Well....DH is gone for few days, including Christmas and I feel like I just lost 20lbs and giddy to enjoy the moments for the next few days. How sad is that?

However, I still cannot stop thinking of how he is not able to feel strong enough or maybe love enough for daughter to say "I want to be here with her Christmas day." Not me...her! They say for children, Christmas is a magical time...and it is. They light up the room! Yes, we are aware of the true meaning, don't get me wrong. But as children, it's all about the magical moment of surprise and excitement. The moments that are created into memories. 

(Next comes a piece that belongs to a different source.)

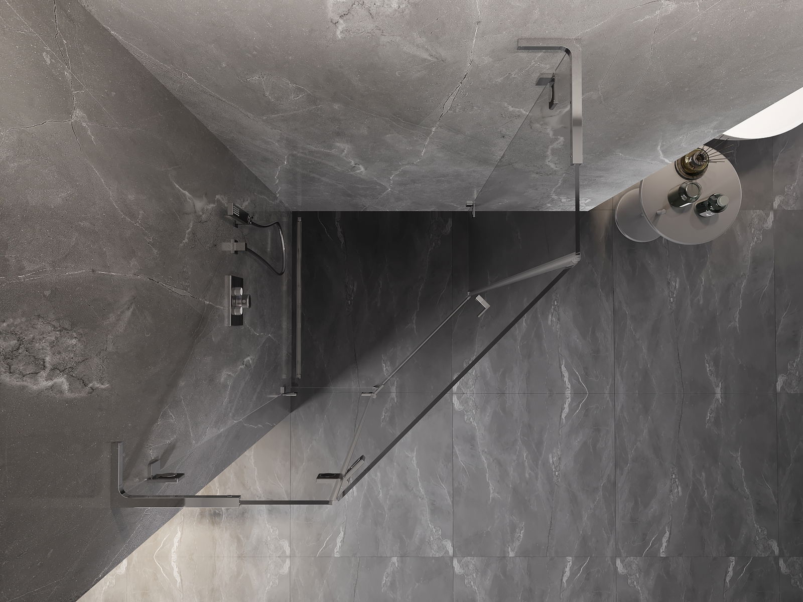 Mexen Lunar L cabină de duș pentagonală cu deschidere stânga 100 x 100 cm, transparent, crom - 831L-100L-100P-01-00-L

Original plan he was going to AZ to spend 2 weeks with family. Well in brief due to our sitaution right now, his pastor told him that was bad idea due to his mom's take on our situation is basically an "I told you so" and the pastor felt being in negative environment was not condusive to our situation. Well, personnally, I think that's a bunch of BS. He's a big boy, he can (or should) think for himself and if he doesn't appreciate what his mom says, I know he can tell her such without being disrspectful, of course. He hasn't seen his mom for 3 years and she's late 70's. Any how...since I stated the 2weeks away would be good for us (me) he decided to still go away but for few days, including Christmas. When approached about the few days, I told him to do what he needs to do. He said since I felt I needed away last month when he planned to go to AZ, he felt he should still go at Christmas so no one (me or family) needs to worry about his emotional state etc. He doesn't want to be a downer as he put it. He gets made that I can turn on and off a happy face when circumstance calls for it. He cannot do that. Once mad, mad around everyone, thing, etc.

Me, since not going to AZ, never imagined he would not want to be here for our daughter on Christmas. While in AZ I understand that's on other side of world from us and he is with family. I told him I was concerned for DD Christmas day...he replied with _"me too it kills me to not be here to share that with her but more importantly, it hurts you aren't saying you need US together at Christmas". _What?? US being together at Christmas out ways our daughter? Is that how I should take that or am I off base? And should it be that way? He and I before her? 

He's an all or nothing person. I've thought about it, if we role reverse...I wouldn't care how he felt, what was said, we are still living in same house as a family, keeping things as 'normal' as possible infront of her (although she is not stupid). I am not going anywhere Christmas day as I am putting on my happy face for my daughter and enjoying her and no one else. He cannot do that. Some feel he doens't love her enough. I dont' want to feel that way but more and more I stew...it makes me wonder. He has emotionally wrecked her through the years as I learn and look back on things that have happend.

She doesn't seem to mind, at least now, he won't be here. She even asked during dinner last night..._"dad when you coming home..he says Sunday. She says, when's Christmas? He says, Saturday. She's says, Oh..well guess you won't be here to open your presents"_ then starts eating. He tears up trying not to cry as me, as always, divert the subject to something to make him feel better. 

Well...anyhow, I'm feeling good about having my own time for me and her. Not having to worry about all the questions and being on egg shells feeling I have to act, do and say what is expected or needed to keep him "happy and feeling good", constantly on guard to make sure when our 7yr old doesn't do or say anything to set him off. It just disturbs me he is not able to put daughter over me for change. As odd as that may sound I guess. Maybe I'm looking at it completely wrong. Clueless.

Anyhow...Merry Christmas to everyone and TAM for allowing me and everyone else here a place to vent, learn, share, and find some comfort and support in not feeling so alone.


----------